Over weeks to months, the deal only becomes credible if the parties lock in specific IAEA access rules and a disposal plan for enriched stockpiles; otherwise, the process likely drifts or collapses into renewed friction. The base case is more negotiation volatility until technical details are nailed down.
Structurally, the episode reinforces that Iran nuclear diplomacy is a verification problem first and a political problem second. Durable stability would require inspection rules tight enough to survive mistrust, otherwise the region remains stuck in recurring nonproliferation crises.
The most critical part of the nuclear dimensions of the JCPOA was the extraordinary verification measures, which hinge entirely on IAEA inspector access to both declared and undeclared (covert) nuclear sites.
Moniz argues verification access is paramount and the core of any effective nuclear deal.

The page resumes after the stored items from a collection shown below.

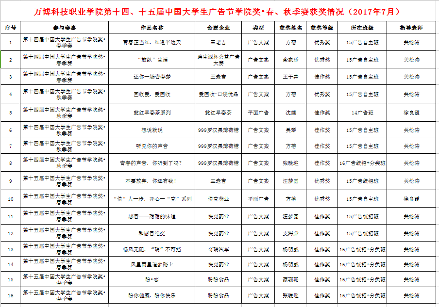 2017年7月19日,由中国广告协会主办,广告人文化集团承办的第15届中国大学生广告艺术节学院奖秋季赛圆满落幕。作为中国大学生创意的年度盛事,第15届中国大学生广告艺术节学院奖春季赛走遍全国26个省、30个城市,40所高校,携手34位大咖讲师,21家命题企业,收获 18.6万件创意作品,创意之风席卷中华大地。经过层层评审,我院师生在此次比赛之中再次实现突破,获得了良好的成绩;取得了2项优秀奖,6项佳作奖。2015级广告统招班的汪梦圆、2015广告自主班的方蓓两位同学分别荣获大赛的优秀奖;2015级广告统招班的汪梦圆、支海荣,2016级广告统招+分类班的杨明威(2项)、蔡珊珊和张晚迎5位同学分别荣获春季赛佳作奖。广告学教研室主任关松涛和专职教师徐良霞再次分别荣获第15届中国大学生广告艺术节学院奖春季赛的优秀指导老师奖。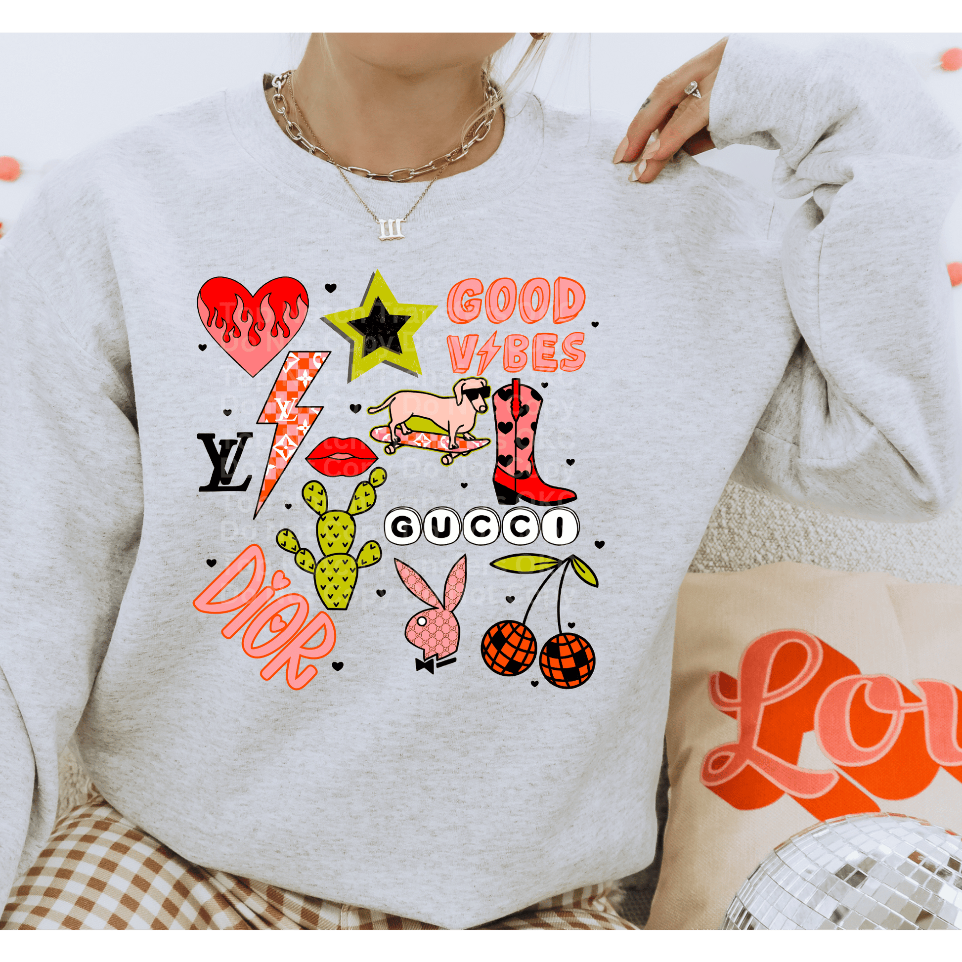 Our DTF transfers are printed with a commercial DTF printer and cured to perfection. Direct to Film transfers allow you to be able to easily apply multicolor designs to many different types of fabric and materials. Transfers are very easy to use and come with instructions, the film will peel off smoothly after allowing to cool after the first press. We also print Custom designs, if you have your own png file you would like to have printed just upload it to our Custom design option!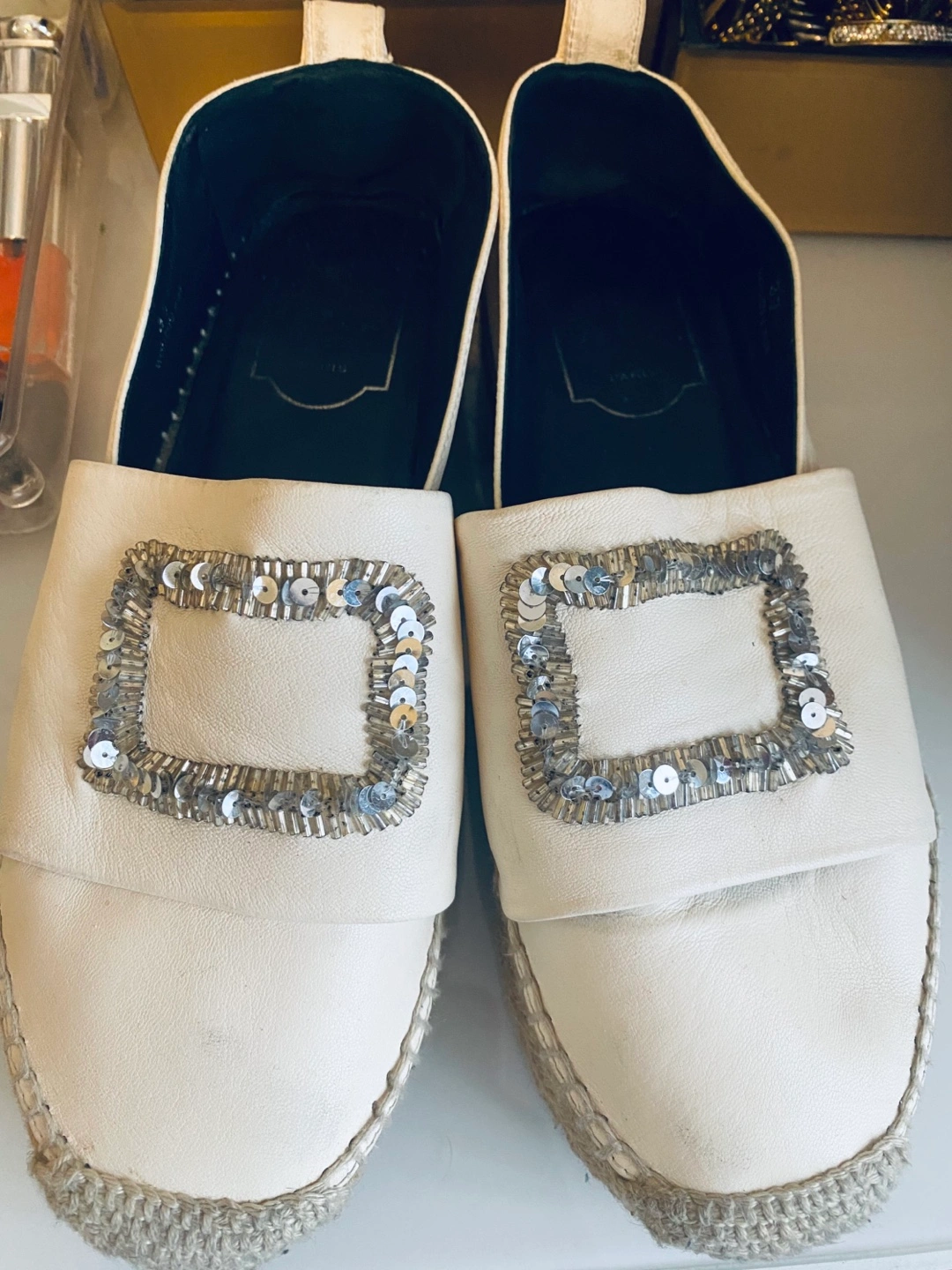 These white espadrilles. They have embellishments. The soles look to have some wear, but are overall in good shape. You will love how these shoes make you feel.

Any new Iran nuclear deal must at minimum replicate the JCPOA's additional protocol giving inspectors access to undeclared sites within a finite time window (24 days in 2015), and that 24-day restriction is already too generous.
Moniz argues the verification standard must be at least as strong as the 2015 deal, including access to covert sites within a fixed short time frame.
Resolving the disposition of Iran's 60% enriched uranium is the absolute first order of business, likely by having IAEA inspectors oversee dilution of that material back to very low enrichment.
Moniz says the 60% enriched stockpile must be dealt with first via dilution under IAEA supervision to eliminate weapons risk.
What do you make of Vice President Vance's statement that Iran had agreed to allow IAEA access to nuclear sites, and the Iranian denial?
Moniz says the verification measures — especially IAEA inspector access — are the most critical part of any nuclear deal. He notes that access to declared nuclear sites is important but not special; the key is access to undeclared/covert sites where Iran may have hidden nuclear activity. He argues the negotiation must at minimum replicate the JCPOA's Additional Protocol plus the 24-day access window for inspectors to reach undeclared sites quickly enough to prevent cleanup.
How should the disposition of stockpiled enriched uranium material be handled in these negotiations?
Moniz explains that Iran's enrichment to 60% is critically dangerous — 60% enriched uranium is adequate to make a bomb, just needing slightly more material than weapons-grade 90%. He says resolving the 60% enriched uranium is the absolute first order of business: locate it, assess its condition and risk, and eliminate the risk by having IAEA inspectors oversee dilution of that material back to very low enrichment levels.
Are you confident that the right people are negotiating for the American side — with Vance, Witkoff, and Kushner leading — to see through the necessary verification measures?
Moniz says it depends on how the negotiators use technical people from places like the Department of Energy National Laboratories. He describes how in 2015 he leveraged lab scientists heavily, using the time difference between Switzerland and California. His advantage as a trained physicist was knowing which questions to ask, making negotiations more efficient. He suggests the current team needs to be skillful at using available US technical assets.